[Stored data Boundary: Start]

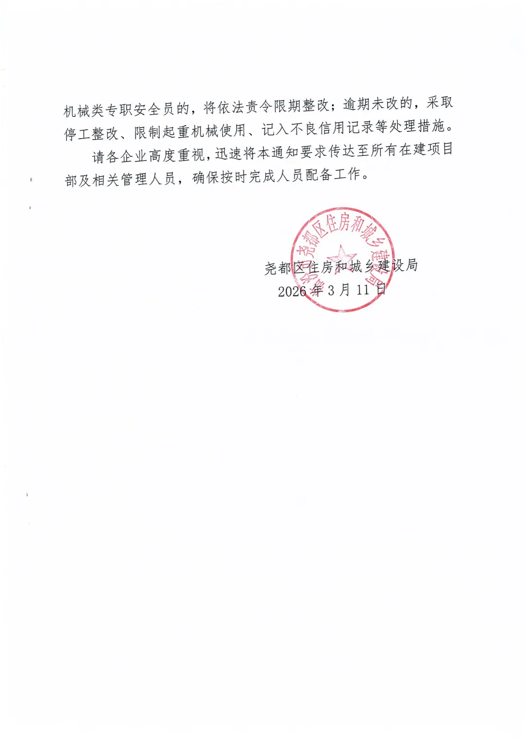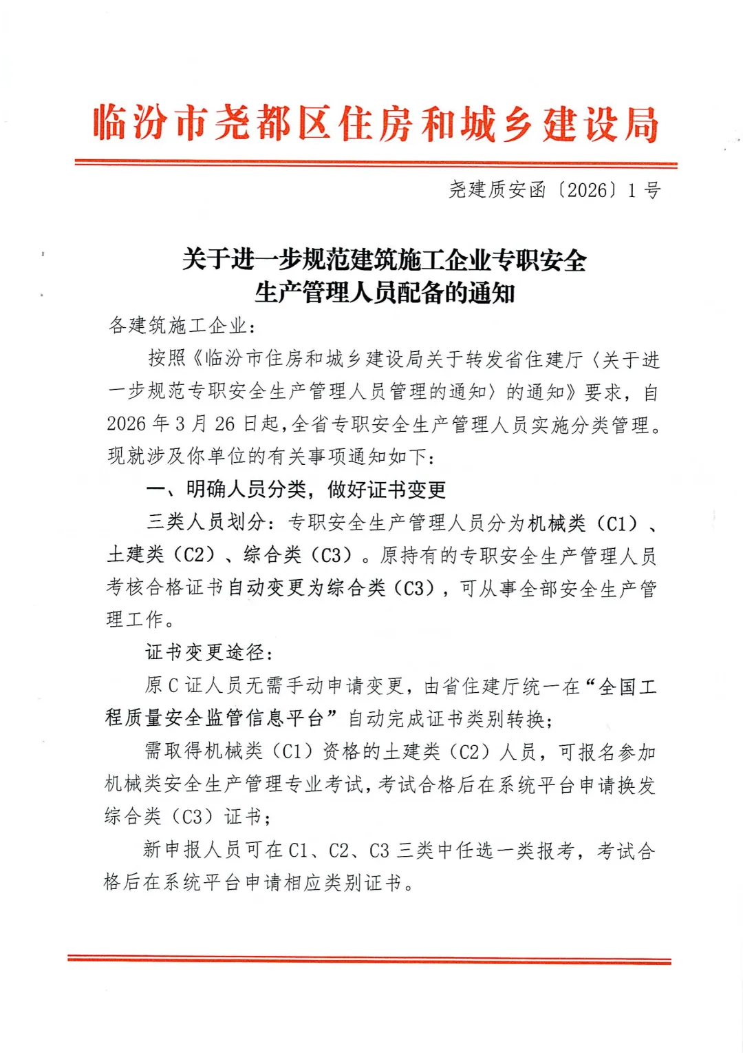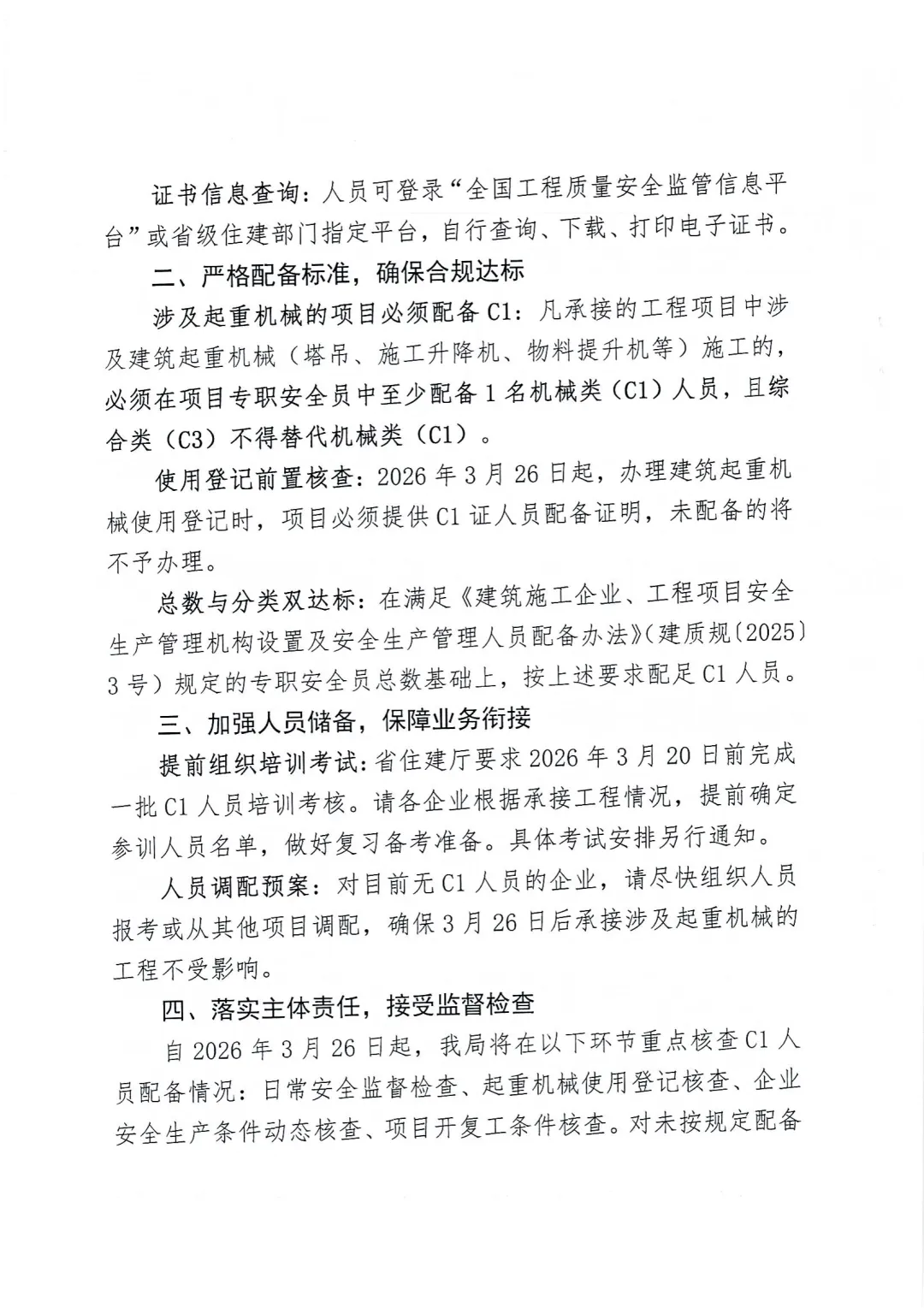 根据省住建厅《关于进一步规范专职安全生产管理人员管理的通知》要求,自2026年3月26日起,涉及起重机械(塔吊、施工升降机等)的项目,必须至少配备1名机械类(C1)专职安全员,综合类(C3)不得替代C1。
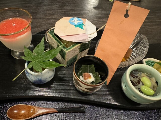 3人でランチを予約。駅近くだが、見過ごしてしまいそうな小さなお店。入ると、お茶を出してくれ、ホッとひと息。一口サイズの物がたくさん出てきた。七夕をイメージした料理だった。とうもろこしのスープ仕立てや鮎の塩焼き、刺身などどれもよかった。最後にサービスで抹茶と黒糖アイスも…大満足❗️
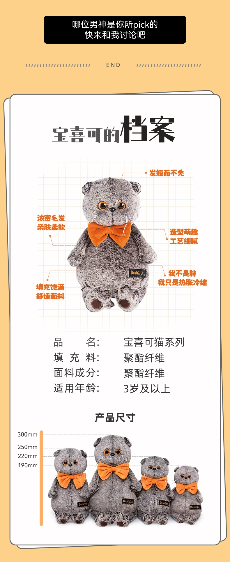 Budibasa LI-LI猫+粉丝格纹围巾, 24CM 27CM(毛绒玩具)
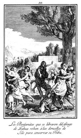 Description: The Benjamites capture maidens from Shiloh, when the young women came to dance in the vineyards, and take them for their wives. The engraver’s name is located at the lower right corner.

[Stored data Boundary: End]

■ **Task statement**: Print the data above exactly, from its first line to the line bearing "Budibasa LI-LI猫+粉丝格纹围巾, 24CM 27CM(毛绒玩具)" inclusive, and keep pictures out of the result.

■ **Task response**:
 根据省住建厅《关于进一步规范专职安全生产管理人员管理的通知》要求,自2026年3月26日起,涉及起重机械(塔吊、施工升降机等)的项目,必须至少配备1名机械类(C1)专职安全员,综合类(C3)不得替代C1。
 3人でランチを予約。駅近くだが、見過ごしてしまいそうな小さなお店。入ると、お茶を出してくれ、ホッとひと息。一口サイズの物がたくさん出てきた。七夕をイメージした料理だった。とうもろこしのスープ仕立てや鮎の塩焼き、刺身などどれもよかった。最後にサービスで抹茶と黒糖アイスも…大満足❗️
 Budibasa LI-LI猫+粉丝格纹围巾, 24CM 27CM(毛绒玩具)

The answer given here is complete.